Al kaşağıyı gir ahıra
Yarası olan at gocunsun
Cümleler doğrudur sen doğru isen
Doğruluk bulunmaz sen eğri isen.(Yunus Emre)
Sirkati şiir edene kati zeban lazımdır
Böyledir şer’i belagatte fetavayı sühan. (Sünbülzade Vehbi)
Güden çoban sürüyü döndürünce ters yöne
Geçmez mi sürüdeki topal koyun en öne.(La edri)
Allah’a sığın şahsi halîmin gazabından
Zira yumuşak huylu atın çiftesi pek olur.(Ziya Paşa)
Ayinesi iştir kişinin lafa bakılmaz,
Şahsın görünür, rütbe-i aklı eserinde.(Ziya Paşa)
Milyonla çalan mesned-i izzette şerefaz
Birkaç kuruşu mürtekibin cây’i kürektir.(Ziya Paşa)
Söz bilirsen söyle senden ibret alsınlar
Söz bilmezsen sükût eyle seni insan sansınlar.
Muradını anlarız ol gamzenin izanımız vardır,
Belî söz bilmeyiz ama biraz irfanımız vardır.(Nedim)

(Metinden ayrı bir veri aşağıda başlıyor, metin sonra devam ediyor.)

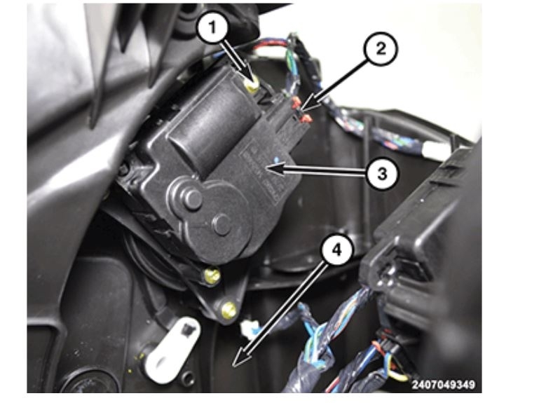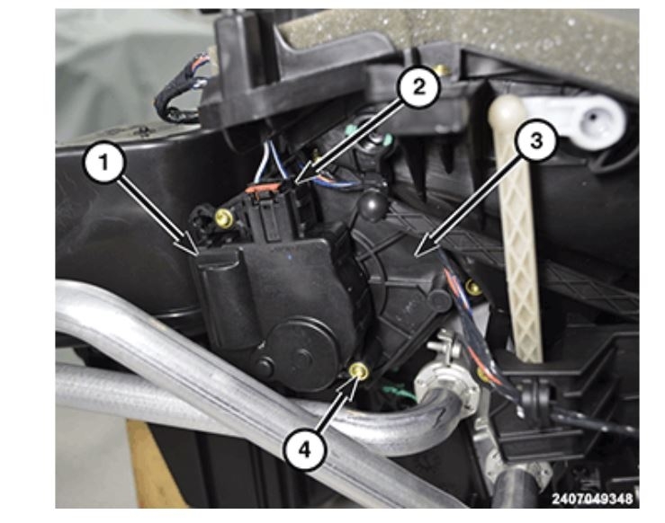 Remove the two screws (1) that secure the blend door actuator (3) to the right side of the HVAC air distribution housing (4).
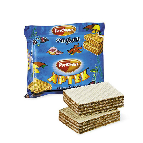 Вафли Артек 75 грамм производства Рот Фронт можно купить оптом с доставкой по Москве, Подмосковью и ЦФО. Низкая цена обусловлена отсутствием посредников при наличии прямого договора с производителем. Все актуальные сертификаты в наличии. Минимальный заказ: 1 коробка
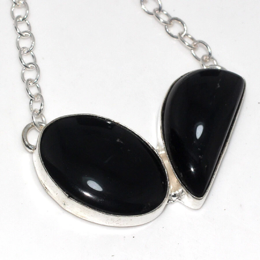 Black Onyx 925 Silver Plated Gemstone Handmade Necklace 16" Superb Gift JW
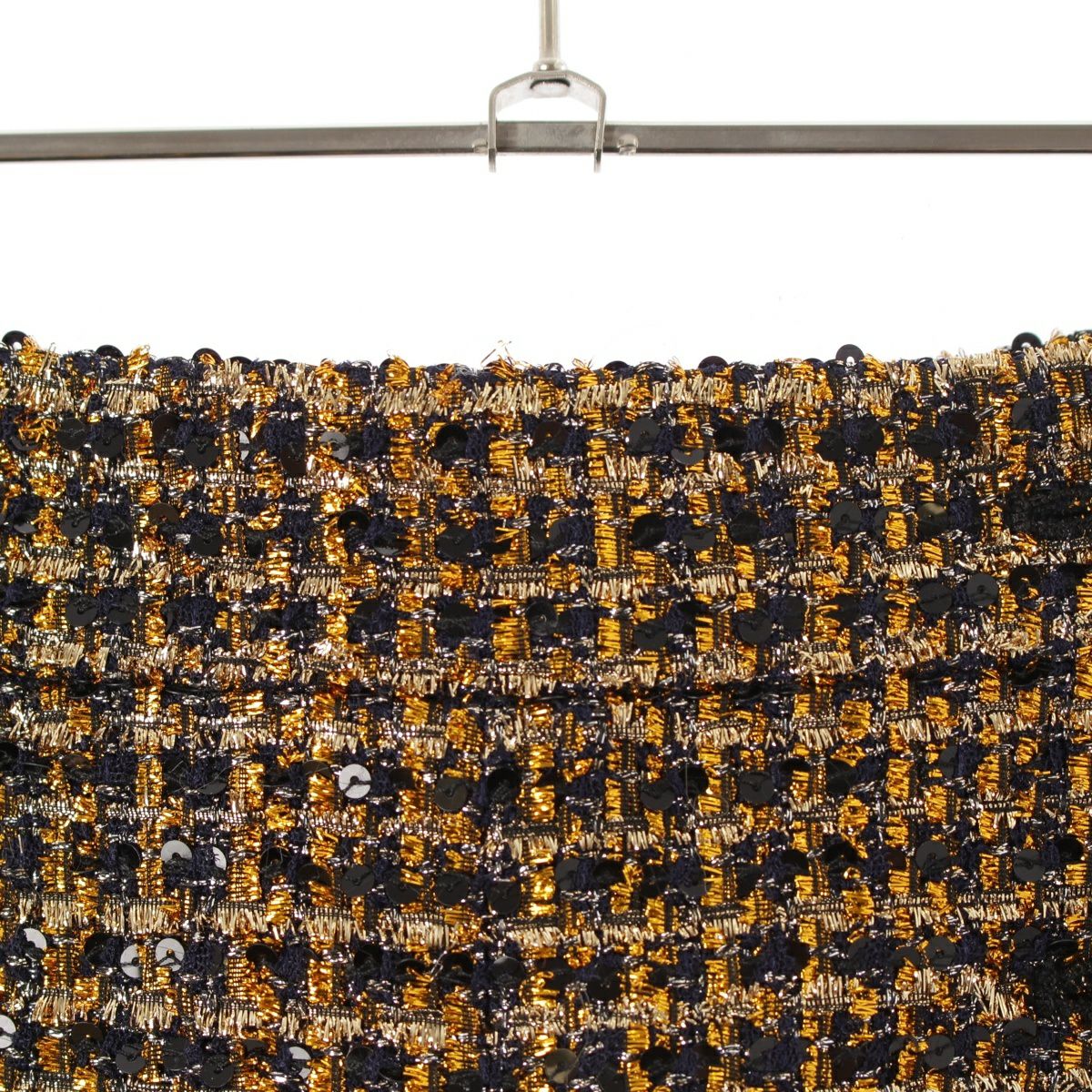 シャネル 18A ポリエステル ナイロン シルク ハンブルクボタン ツイード スカート ボトムス P59406 ゴールド ブラック ネイビー 38
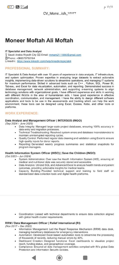 خبير اداري وتقني حاصل على ماجستير IT بخبرة تتجاوز 10 سنوات في إدارة العمليات والبيانات لدى منظمات دولية. امتلك مهارات قيادية وتنسيقية عالية، وقدرة مثبتة على اتمتة الأنظمة لتقليل الأخطاء بنسبة 40%. حاصل على تدريب PMP وخبير في إدارة المشاريع، الرقابة، والامتثال للسياسات العالمية. أتميز بمهارات تواصل احترافية باللغتين العربية والانجليزية لتعزيز كفاءة العمل الاداري

Gülü vermen için gülü vermem mi gerek
Haydi gülüm gülüver de, gülü vereyim. (Havace)
Pek tabi olmaya gelmez terbiyesiz derler
Pek samimi olmaya gelmez saygısız derler.(C.Şehabeddin)
Gafletlere, zilletlere, zulmetlere lanet
Sen doğ bize, sen doğ bize ey fecri hakikat. (Tevfik Fikret)
Bir mevsimi baharına geldik ki alemin
Bülbül hamuş, havz teki, gülistan harab.(İzzet Molla)
Pür ateşim açtırma benim ağzıma zinhar
Zalim söyletme derunumda neler var.
Bir saçı Leyla’ya mecnun’dur deyu
Yazmışlar defteru divane beni.(Dertli)
Bizi sarsar bir sülüs yazı görsek
Bize heyecan verir bir parça kırık çini.(F.N.Çamlıbel)
Bazen gönül dalar suların musikisine
Bazen Yesari hatlarının en nefisine.(Yahya Kemal)
Mende Mecnundan fuzun âşıklık istidadı var
Aşıkı sadık menem, Mecnun’un ancak adı var. (Fuzuli)
Bir kadehle sâki gamdan azad eyledi
Şad olsun önlü onun gönlümü şad eyledi.(Hoca Dehhani)
Ger derse Fuzuli ki güzellerde vefa var
Aldanma ki şair sözü elbette yalandur.(Fuzuli)
Sen Ahmedü Mahmudu Muhammedsin efendim
Hak dan bize sultan-ı müeyyedsin efendim. (Şeyh Galib)
Mâh-ı muharrem oldı meserret haramdır
Matem bugün şeriate bir ihtiramdır. (Fuzuli)
Öyle zaif kıl tenimi firkatinde kim
Vaslına mümkün ola yetürmek saba beni. (Fuzuli)
Ben akıldan isterim delalet
Aklım bana gösterir dalalet. (Fuzuli)
Zülfüne kalsa perişan eylemezdi dilleri
Anı da tahrik eden bâd-ı sabadır. (Fuzuli)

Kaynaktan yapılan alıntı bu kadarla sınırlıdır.